No momento da contusão, ele aguardava os trâmites para jogar em um clube alemão, o SV Meppen.
Com passagens por Grêmio e Corinthians, o jovem tentou reiniciar a carreira nas categorias de base do Ceará. O joelho, porém, voltou a doer e ele acabou dispensado.
"Mudou completamente a minha vida. Nunca me vi fazendo outra coisa além de futebol. Me apeguei muito a Deus. Hoje me conformei, e vi que tinha que tomar uma decisão na vida, mas ainda tenho muita vontade de voltar a jogar", confessa.
O diretor de serviços médicos do Fortaleza, Cláudio Maurício, aponta dois cuidados essenciais para atletas profissionais, amadores e iniciantes. Segundo ele, o primeiro passo é atestar as condições radiológicas e pulmonares, fazer exames laboratoriais para checar alterações metabólicas e avaliar a questão etária, para se prevenir de condições limitantes, como artrose ou histórico prévio de doenças do coração.

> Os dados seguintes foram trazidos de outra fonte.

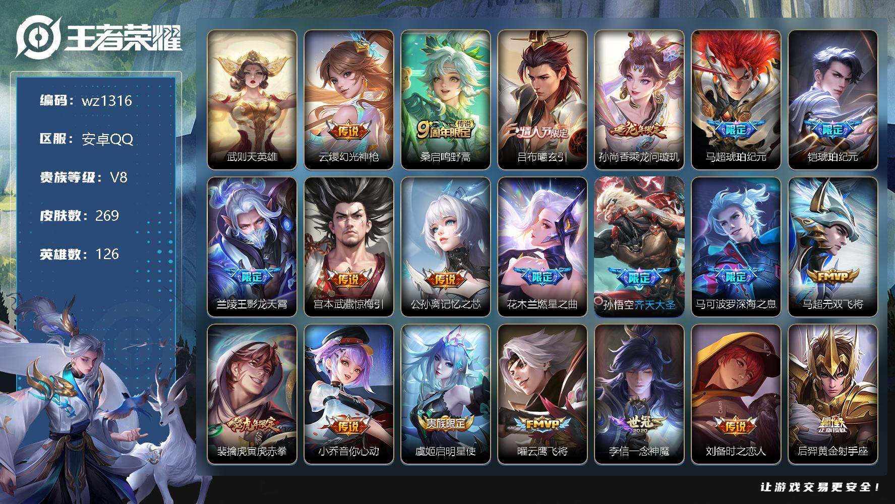 【账号佳】 【可二次实名】【wz1316】【商品标题】:安卓Q-V8-最强王者段位-126英雄-269皮肤-0典藏-0珍品无双-0无双-0珍品传说-24传说-75史诗 【荣耀典藏】:武则天英雄 【传说皮肤】:云缨幻光神枪,桑启鸣野蒿,吕布曦玄引,孙尚香乘龙问璇玑,马超琥珀纪元,铠琥珀纪元,兰陵王影龙天霄,宫本武藏惊梅引,公孙离记忆之芯,花木兰燃星之曲,孙悟空齐天大圣,马可波罗深海之息,马超无双飞将,裴擒虎寅虎赤拳,小乔音你心动,虞姬启明星使,曜云鹰飞将,李信一念神魔,刘备时之恋人,后羿黄金射手座,孙尚香末日机甲,宫本武藏地狱之眼,孙悟空地狱火,狄仁杰超时空战士 【限定皮肤】:蔡文姬夏日便利店,大乔绒语心约,虞姬夏日便利店,姜子牙天穹之誓,狄仁杰阴阳师,赵云皇家上将,孙尚香蔷薇恋人,钟无艳超时空战士,扁鹊奇幻香踪,白起夜都怪侠,吕布猎兽之王,吕布御风骁将,元歌无心,甄姬落雪兰心,马可波罗深海之息,狄仁杰魔术师,达摩沙漠行僧,项羽海滩派对,王昭君午后时光,兰陵王影龙天霄,兰陵王金庭之子,花木兰瑞麟志,花木兰燃星之曲,孙悟空至尊宝,孙悟空孙行者,孙悟空齐天大圣,李元芳匿光侦查者,李元芳云中旅人,虞姬启明星使,女娲朔望之晖,蔡文姬繁星吟游,鬼谷子五谷丰年,铠青龙志,百里玄策原初追逐者,百里守约朱雀志,沈梦溪大漠名商,明世隐疑决卦,明世隐吟游魔法,裴擒虎寅虎赤拳,裴擒虎擒涛扼浪,狂铁电玩高手,云中君纤云弄巧,上官婉儿梁祝,嫦娥拒霜思,嫦娥暖冬兔眠,西施玲珑珍味,鲁班大师探海日志,桑启海盐诗旅,暃星界游侠,戈娅驭风魔法,艾琳流音漫舞,司空震地狱燃心,阿古朵江河有灵,张良古海寻踪,蒙恬荣光圣徽,高渐离燃音魔法,妲己灵卜魔法,鬼谷子天穹祈灯,伽罗琥珀纪元,铠琥珀纪元,马超琥珀纪元,孙尚香乘龙问璇玑,吕布曦玄引,百里玄策超元猎域,沈梦溪龙舞盛年,鲁班七号蔬乡物语,李元芳蔬乡物语,刘邦剑破天穹,周瑜熔金海岸 【年限皮肤】:百里守约朱雀志,花木兰瑞麟志,铠青龙志,裴擒虎寅虎赤拳,吕布御风骁将,孙尚香乘龙问璇玑 【赛季限定】:达摩沙漠行僧,兰陵王金庭之子,张良古海寻踪,李元芳云中旅人,百里玄策原初追逐者,沈梦溪大漠名商,明世隐疑决卦,裴擒虎擒涛扼浪,鲁班大师探海日志,桑启海盐诗旅,鬼谷子天穹祈灯,蒙恬荣光圣徽,刘邦剑破天穹,姜子牙天穹之誓 【战令限定】:蔡文姬夏日便利店,虞姬夏日便利店,钟无艳超时空战士,扁鹊奇幻香踪,白起夜都怪侠,吕布猎兽之王,甄姬落雪兰心,王昭君午后时光,艾琳流音漫舞,女娲朔望之晖,明世隐吟游魔法,狂铁电玩高手,嫦娥暖冬兔眠,西施玲珑珍味,司空震地狱燃心,暃星界游侠,戈娅驭风魔法,高渐离燃音魔法,妲己灵卜魔法,鲁班七号蔬乡物语,李元芳蔬乡物语 【史诗皮肤】:鲁班七号电玩小子,赵云皇家上将,赵云未来纪元,貂蝉圣诞恋歌,甄姬冰雪圆舞曲,王昭君偶像歌手,狄仁杰魔术师,廉颇地狱岩魂,宫本武藏鬼剑武藏,孙尚香蔷薇恋人,孙尚香水果甜心,嬴政暗夜贵公子,妲己魅力维加斯,妲己女仆咖啡,吕布圣诞狂欢,刘禅绅士熊喵,李白千年之狐,吕布末日机甲,张飞乱世虎臣,孙悟空至尊宝,花木兰水晶猎龙者,刘邦德古拉伯爵,夏侯惇乘风破浪,兰陵王暗隐猎兽者,亚瑟心灵战警,雅典娜冰冠公主,铠曙光守护者,蔡文姬舞动绿茵,李元芳逐浪之夏,程咬金功夫厨神,孙策猫狗日记,铠青龙志,百里守约朱雀志,花木兰瑞麟志,狄仁杰鹰眼统帅,上官婉儿梁祝,蔡文姬繁星吟游,小乔青蛇,橘右京修罗,孙尚香时之恋人,百里玄策原初追逐者,云中君纤云弄巧,吕布御风骁将,西施诗语江南,钟馗乐园奇幻夜,孙悟空孙行者,嫦娥拒霜思,明世隐吟游魔法,高渐离天秀音浪,狂铁电玩高手,钟无艳超时空战士,鬼谷子五谷丰年,元歌无心,暃星界游侠,扁鹊奇幻香踪,戈娅驭风魔法,李元芳匿光侦查者,司空震地狱燃心,阿古朵江河有灵,妲己灵卜魔法,高渐离燃音魔法,蒙恬荣光圣徽,伽罗琥珀纪元,百里玄策超元猎域,鲁班七号蔬乡物语,黄忠怒海争锋,蔡文姬夏日便利店,大司命东方月初,廉颇撼地雄心,亚连破空之剑,弈星万物之道,狄仁杰绮世丹青,阿轲化蝶舞,刘禅鸭鸭历险记,狂铁龙之律动,黄忠百相守梦 【其他皮肤】:项羽海滩派对,韩信教廷特使,韩信街头霸王,露娜哥特玫瑰,阿轲爱心护理,达摩大发明家,赵云白执事,赵云忍炎影,芈月红桃皇后,程咬金爱与正义,白起白色死神,牛魔西部大镖客,武则天东方不败,扁鹊化身博士,扁鹊救世之瞳,宫本武藏未来纪元,孙膑天使之翼,姜子牙时尚教父,妲己少女阿狸,典韦黄金武士,亚瑟死亡骑士,达摩拳王,花木兰兔女郎,张飞五福同心,甄姬花好人间,刘备万事如意,后羿阿尔法小队,狄仁杰阴阳师,刘备纽约教父,李元芳黑猫爱糖果,关羽龙腾万里,墨子进击墨子号,钟无艳海滩丽影,狂铁命运角斗场,老夫子功夫老勺,诸葛亮掌控之力,李白敏锐之力,鬼谷子幻乐之宴,大乔守护之力,吕布猎

"O segundo (ponto) é ter em mente qual atividade irá realizar. O ideal é ter sempre um profissional orientando a carga de atividade e o modelo de atividade que vai realizar e, de acordo com essa atividade, programar os treinos".
Ainda conforme Cláudio, atletas profissionais têm treinos produzidos por especialistas para minimizar e prevenir o risco de lesões.
"Está relacionado ao trabalho preventivo de força e os marcadores bioquímicos e a termografia para ver o nível de como está a sobrecarga daquela área muscular, para que a gente possa dosar carga e fazer o planejamento de treinamento; em paralelo, e temos as lesões articulares, que são menos preveníveis, mas realizamos um reforço muscular naquelas áreas de impacto, como joelho, tornozelo."
"Os atletas profissionais começaram como amadores. Eles foram se adaptando. Anualmente, são realizados exames de condicionamento físico e cardiológico para saber em que condição ele está, e, regularmente, a programação de atividade de cada um deles. Passando pela fisiologia, preparador físico, pela fisioterapia", resume.
No Ceará, 231 atletas foram atendidos em 2022
A Secretaria do Esporte e Juventude (Sejuv), em parceria com o Hospital Geral de Fortaleza, atendeu 231 atletas no ano de 2022, no projeto "Sesporte HGF Medicina Esportiva". O projeto tem como objetivo o atendimento direcionado aos atletas e paratletas, tanto profissionais quanto amadores, fortalecendo a política de fomento do esporte no Estado.
Os atletas são atendidos por uma equipe multidisciplinar que conta com médico ortopedista especialista em traumatologia do esporte, médico do esporte, médico ginecologista, residentes de ortopedia e traumatologia, internos, acadêmicos de fisioterapia, educação física, nutrição, psicologia e medicina.
Para participar, as federações e entidades esportivas encaminham ofício e planilha de cadastro dos atletas, conforme modelos em anexo, para o e-mail: medicina.esportiva@esporte.ce.gov.br. Os cadastros são verificados e enviados ao HGF para marcação do dia e confirmação da consulta por telefone.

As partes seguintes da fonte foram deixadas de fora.